Now for the first time thanks to the Stalin Channel dredged across the continental shelf the dense very salty Mediterranean Sea bottom water had a passage way to the deep Black Sea basin. The total quantity of bottom water flowing into the Black Sea had not changed, the Dardanelles and Bosporus sills were still in place at 70 and 40 meters respectively which restricted how much water could pass eastward on the bottom. However, now instead of being premixed with the brackish surface waters and having its salinity lowered to 22 ppt before it reached the deep basin the 35 ppt water had a free passage to cross the continental shelf and drop off into the abyss. The heavy high salinity water was reaching the edge of the continental shelf and dropping straight down the steep slope without having mixed with the brackish water first. Because if its density it went all the way to the bottom which forced the 22 ppt water which had occupied those depths up. On the surface where the 22 ppt waters mixed with the fresh river waters nothing obvious was changed. However 22 ppt water was no longer forming from all of the in flowing 35 ppt bottom water, about 90% of the in flowing water was falling into the abyss unchanged just as it had been during the passage all the way from the Mediterranean Sea and only 10% was mixing to form 22 ppt water on the continental shelf depth.

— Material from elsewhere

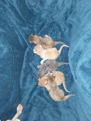Sie sind am 12. Januar geboren. Beide Eltern sind Sphynx und vor Ort. Die Babys sind mit Locken Flaum geboren, ob sie diese noch verlieren kann ich leider nicht sagen, sie sind "Brush" und haben eher Flusen als Fell. Sie sind auf jeden Fall für Allergiker geeignet, da ich tatsächlich eine Katzenallergie ...
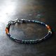 カーネリアンとスクエアターコイズ、ハーキマーダイヤモンド、小さなラピス、カレンシルバーを繋いだ華奢なブレスです。

It might take eons from a human perspective, but the 35 ppt Mediterranean Sea water would eventually displace all that 22 ppt water sitting in the bottom of the Black Sea in the modern era. When that process was complete the basin waters would gradually rise up the slope of the Continental Shelf until they met the 10% of the bottom water flowing in and still mixing with the brackish surface waters to form the 22 pt water. When that event took place in that far distant (from a human perspective) point in time the in flowing river waters would no longer be mixing with 22 ppt partially diluted water, instead they would be mixing directly with 35 ppt Mediterranean Sea water itself. The brackish nature of the surface waters of the Black Sea would be shifted from 17 ppt much closer to 30 ppt, nearly the same as the 34 ppt world average. This would make it easy for many species of aquatic plants and fish which did not do well in the modern Black Sea to thrive in response to the altered environmental conditions. Ultimately it would also change the distribution of flow in and out of the basin through its multiple steps into the Mediterranean Sea. In the modern era about 1/3rd of the water exchange was bottom water flowing in and 2/3rds was brackish water flowing out. Once the water had moderated to approach world sea averages the depth of the brackish layer would first decline and then cease, becoming just a case of excess surface water exiting to join the Mediterranean Sea. By that time the in flow of bottom water would balance the outflow of surface water rather than exceeding it.

In the modern era, however, for the USSR the channel was a large boon as it made it possible to sneak a number of submarines from other operating areas into the Black Sea without detection and for them that was all that mattered. For their distant descendants enjoying the altered Black Sea it was unlikely they would realize how or why those changed conditions had come about, even if they were curious enough to ask. 

Provine's note:  Western intelligence made note of the change in fishermen's attitudes with Greek and Turkish fishermen in the Mediterranean excited by boosted catches while the Black Sea fishermen began to suffer worse and worse hauls, although theories about a Soviet channel were dismissed for decades.